Home

 › 

Articles

 › 

Sometimes Good Isn’t Good Enough

Sometimes Good Isn’t Good Enough

When it comes to things like Game of the Year and sales figures, we spend a lot of time looking at consoles. We spend much less time with PC games (unless you’re checking out a PC-centric outlet). It feels like that’s generally due to more of a perceived sense of identity with consoles, what with all the battles over exclusives. But while consoles are busy trading blockbuster blows, the PC space paints a different sort of picture about that slice of the gaming pie. At least on Steam, the current biggest PC gaming platform, it doesn’t seem like the game of the year is really about games of the year anymore.

Every year, Valve runs several end of the year lists based on various metrics. For the purposes of this little discussion, we’re looking at the Best of 2018 Top Sellers list and the Best of 2018 Most Played list. The former is about gross revenue, which means total money brought in from sales, DLC, subscriptions, and so on. The second list is for concurrent players, a metric that has grown more and more important as single video games have become more long term time investments.
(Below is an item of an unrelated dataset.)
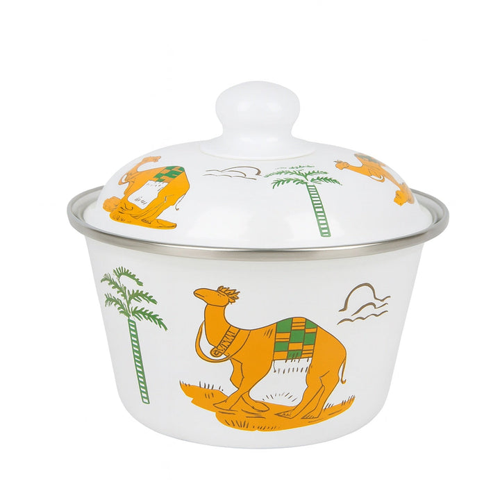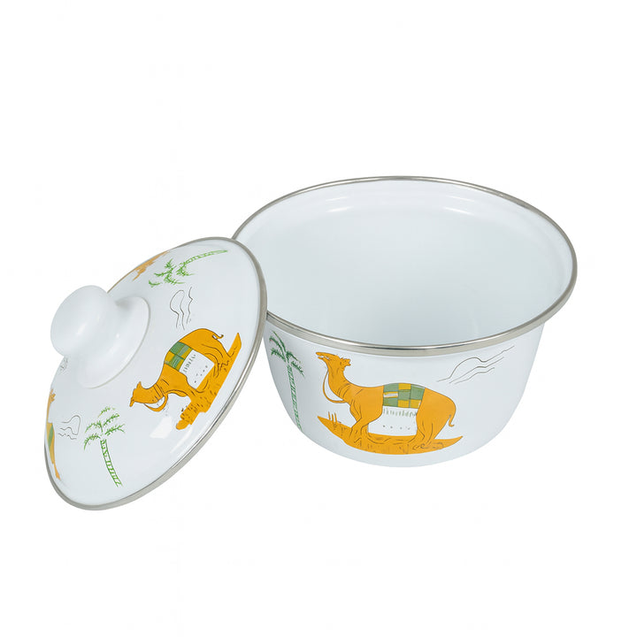 وعاء تقديم CBF24 المينا مع غطاء - 24 سم - بتصميم الجمل والنخيل، يجمع بين الفن العربي الكلاسيكي والاستخدام اليومي العملي. مصنوع من فولاذ عالي الجودة مطلي بالمينا، هذا الوعاء الكبير مثالي للوجبات العائلية، والتجمعات الاحتفالية، وتجهيزات المائدة الأنيقة. يضفي نقش الجمل والنخيل المميز سحرًا صحراويًا دافئًا، مما يجعله إضافة عملية وزخرفية لمجموعة أدوات التقديم الخاصة بك.

The top ten for each list (ordering isn’t clear) are as follows:

Top Sellers

  • The Elder Scrolls Online
  • PUBG
  • Rocket League
  • Rainbow Six Siege
  • CS:GO
  • Assassin’s Creed Odyssey
  • Far Cry 5
  • Grand Theft Auto V
  • Warframe
  • Civilization VI
  • Monster Hunter: World
  • Dota 2

Most Played

  • CS: GO
  • Dota 2
  • Rainbow Six Siege
  • Team Fortress 2
  • Grand Theft Auto V
  • Path of Exile
  • PUBG
  • Realm Royale
  • Warframe
  • Monster Hunter: World

The common theme for both lists is that each one is mostly populated by games that released in years other than 2018. That was what immediately stood out to me when I saw these lists. It’s a complete contradiction to the typical Game of the Year conversations I’m used to, as a PC outsider. But there’s a second common theme as well, and that’s Monster Hunter .
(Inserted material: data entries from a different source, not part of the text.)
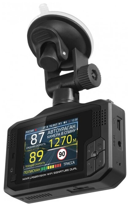 Base of police radars of the Russian Federation, Europe and the CIS; operating modes of the radar detector: Smart, Megapolis, Quiet City, City, Highway, Turbo; complete set: Nova LaserVision WiFi Signature Dual combo device, swivel suction cup mount, adap
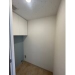 背面の収納は、高さを抑えたキャビネットにて限りのある空間でもしっかりとした収納が可能となっております。背面にアクセントになるお色味をいれることで、可愛いらしいトイレ空間に仕上がりました。
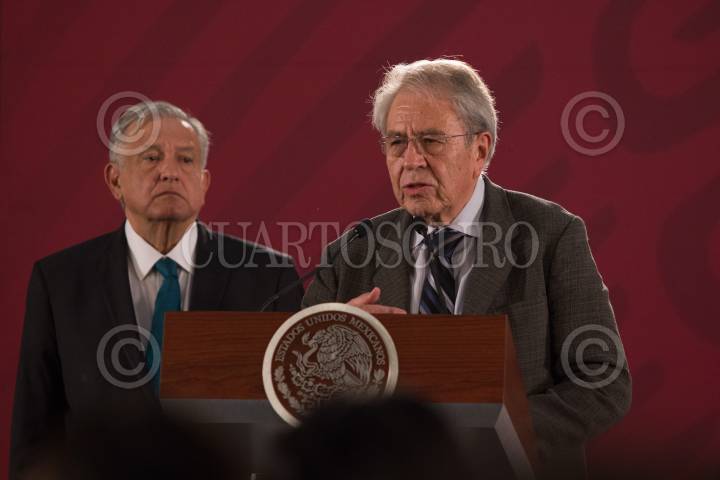 CIUDAD DE MÉXICO, 05JULIO2019.- El presidente de México, Andrés Manuel López Obrador y Jorge Alcocer Villanueva, secretario de Salud; durante la presentación del programa para jóvenes y niños de prevención de Salud y consumo de drogas en la conferencia matutina en el Palacio Nacional. FOTO: ANDREA MURCIA /CUARTOSCURO.COM

Monster Hunter: World is an exceptional game in many ways. Not only is it an incredible video game, as evidenced by its miraculous presence in the televised/streamed The Game Awards standings, but it’s also literally the top-selling game in Capcom history. We’re talking a series that, while huge in Japan, never truly took off over here, yet this game arrived and smashed all expectations like a raging Rathalos. On the revenue side, sure, a couple of Ubisoft titles that have tons of name clout showed up, but Monster Hunter is the only 2018 game that made both lists. Part of that is undoubtedly its multiplayer appeal, but Monster Hunter: World hardly has DLC. It generated that revenue on pure sales juice.

Sometimes Good Isn’t Good Enough

To me, that shows me that the service model for games, while a very unstable and competitive space to insert oneself in, is totally working (in a specific way, with asterisks aplenty). Games are sustaining themselves through their service-oriented models for years at a time. What these lists don’t show is the distance between the haves and the have-nots (RIP LawBreakers ), but it is indicative of the kind of successes we’re going to be seeing down the road. In terms of pure metrics, being new and good isn’t enough anymore. You have to be new and exceptional, if you aren’t a game that already has a built-in base feeding into service models. I mean, Far Cry 5 was a controversial game, so it’s hard to speak of its spot, but even Assassin’s Creed: Odyssey stood out among its siblings to both gamers and critics. It too is an exceptional game.

The PC gaming market is still like the Wild West, as much of a stale comparison that is. Marketplaces come and go, and Steam’s spot at the top of the mountain is being actively challenged as 2018 winds down. Part of that vibe is the intense competition, that keeps even larger games from standing out or making an impact in the charts. It’s the space for service games to roam as kings, and as we see clearly here, the space where the 2018-ass Monster Hunter: World shares the stage with Counter-Strike . It’s a striking sign of the times, but in such an unstable space, it can hardly be considered a sign of the future. So what’s next?